Elaine Kahn is the author of Romance or The End (Soft Skull, 2020) and Women in Public (City Lights Publishers, 2015). Her writing has appeared in Frieze, The Brooklyn Rail, jubilat, Poetry Foundation, Art Papers, and elsewhere. She received an MFA from the Iowa Writers’ Workshop and teaches at the Poetry Field School. She lives in Los Angeles, California.

Rayyane Tabet

Rayyane Tabet is an artist who lives in Beirut. His current sculptures materialize the facade of Tell Halaf’s Hittite temple through excavation, replication, transportation, destruction, storage, and restoration.  

Adrienne Garbini

Adrienne Garbini is an artist who has settled down in the world’s largest alpine valley, where she pursues the poetics of non-compliance. Garbini is writing an ongoing essay entitled Hold On, distributed as a chain letter. She receives mail at P.O. Box 416, Saguache, CO 81149.

Zach Wollard

Zach Wollard studied poetry with Kenneth Koch and Ron Padgett at Columbia University before turning his attention to visual arts. Recent exhibitions include “A Drop of Golden Sun” in collaboration with Shana Moulton at La Mama and “41 drawings” at Galerie Hito in Mallorca, Spain. His work is included in the collections of the Museum of Modern Art and The Whitney. He is currently a Sharpe-Walentas studio grant recipient 2015-16. Come visit him there.

Photo: April McKoy

Marc Andre Robinson

Born in Los Angeles, Marc Andre Robinson is a Brooklyn-based sculptor. Robinson earned an MFA from the Maryland Institute College of Art. He participated in the Whitney Independent Study Program and was artist-in-residence at the Studio Museum in Harlem, the Lower Manhattan Cultural Council and The Rocktower in Kingston, Jamaica. Robinson has exhibited in the US and abroad at venues including the New Museum of Contemporary Art, NY; Galleria d’Arte Moderna in Turin and the Centre for Contemporary Arts in Glasgow. Robinson was awarded an Art Matters grant to travel to South Africa in 2010. He currently has a solo exhibit at the Studio Museum in Harlem through March 6 2016. Robinson lives and works in Brooklyn. http://www.marcandrerobinson.com/

Jibade-Khalil Huffman

Jibade-Khalil Huffman is the author three books of poems, including, most recently, Sleeper Hold (Fence, 2015). Huffman was an artist-in-residence at The Studio Museum in Harlem in 2015-16 and was included in the 2014 Made in L.A. Biennial at the Hammer Museum. He has presented work at institutions including MoMA/PS1, New York; MOCA, Los Angeles; Swiss Institute, New York and the Portland Institute for Contemporary Art, Portland, Downstairs Projects, ICA Philadelphia and MOCA Detroit. Huffman has exhibited work in solo and group shows at galleries including Anat Ebgi, Los Angeles; Blum & Poe, Los Angeles; LACE, Los Angeles; LAXART, Los Angeles; Marianne Boesky East, New York;  China Art Objects, Los Angeles and Night Gallery, Los Angeles.

Eiko Otake

Eiko was born in 1952 in Tokyo and grew up in post-war, post-occupation Japan. At a time when few women were accepted into the field of law and politics, Eiko enrolled in the law department at Chuo University to major in political science. But she was drawn to Tokyo’s lively underground art scene and encountered the works of avant-garde filmmakers, writers, and performers, including Tatsumi Hijikata. She met Koma at Hijikata’s studio and the two began collaborating. Soon after, she dropped out of college and began to study with Kazuo Ohno while performing in cabarets with Koma under the name “Night Shockers.”

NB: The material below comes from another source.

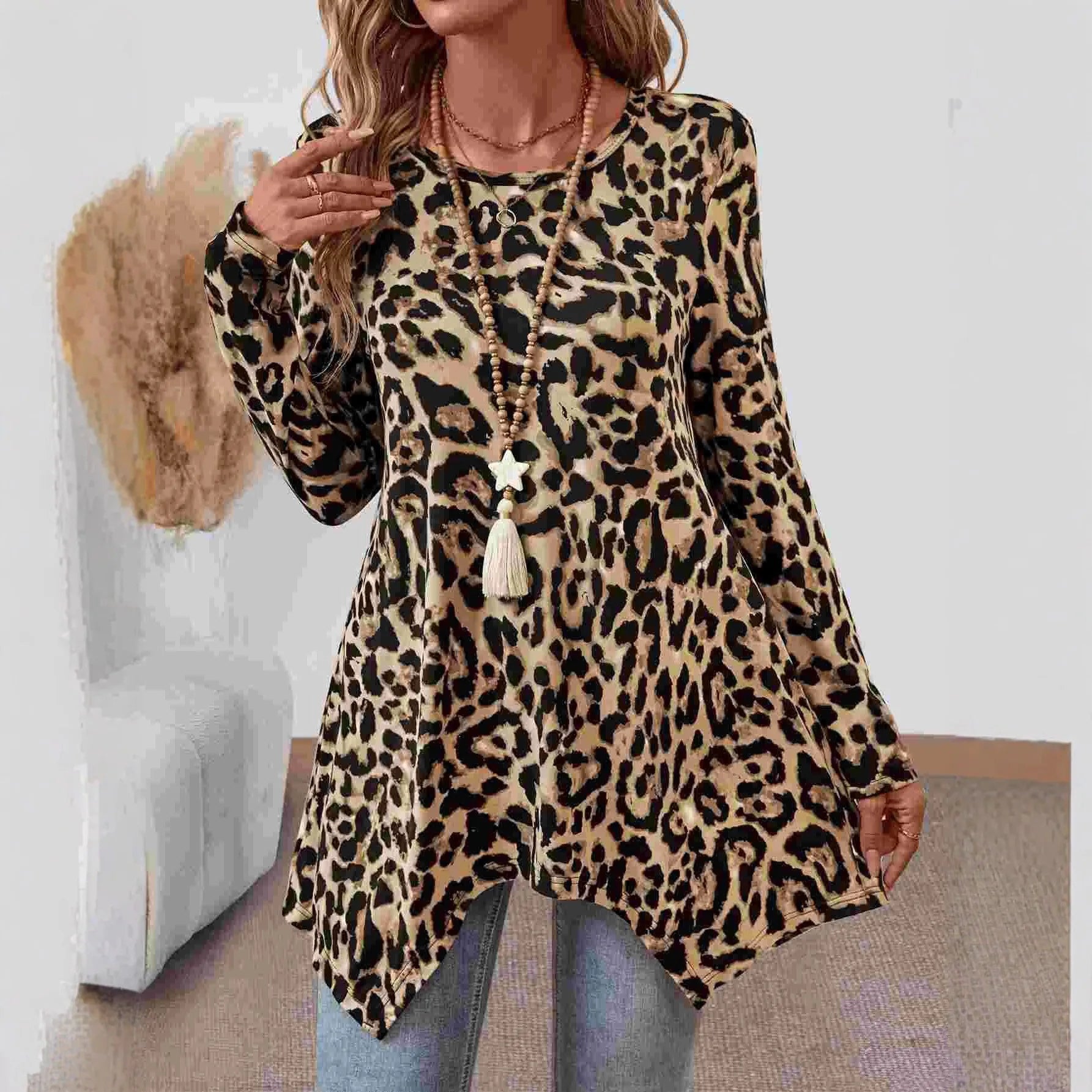 Women Leopard Print Tunic Top Long Sleeve Loose Fit Swing Blouse Irregular Hem Casual Flowy A-Line Shirt Streetwear

In 1972 Eiko and Koma traveled to Germany to study with Manja Chimiel, a disciple of Mary Wigman, and began to present their own work. After performing in festivals and galleries in Germany, the Netherlands, Tunisia, and San Francisco, they settled in New York City in 1976. Over the next 40 years, Eiko & Koma would create a unique theater of movement out of stillness, shape, light, and sound, to great acclaim worldwide.

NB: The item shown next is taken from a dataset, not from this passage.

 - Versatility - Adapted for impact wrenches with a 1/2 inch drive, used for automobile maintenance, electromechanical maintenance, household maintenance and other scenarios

With her ongoing solo project, Eiko has performed at train stations (Philadelphia’s 30th Street Station and New York City’s Fulton Station), libraries, galleries, an abandoned house, an observatory, and a warehouse. Engaging with the particulars of place and the gaze of each viewer, Eiko will continue her exploration in Hong Kong and Chile before arriving in the East Village, home of Danspace Project.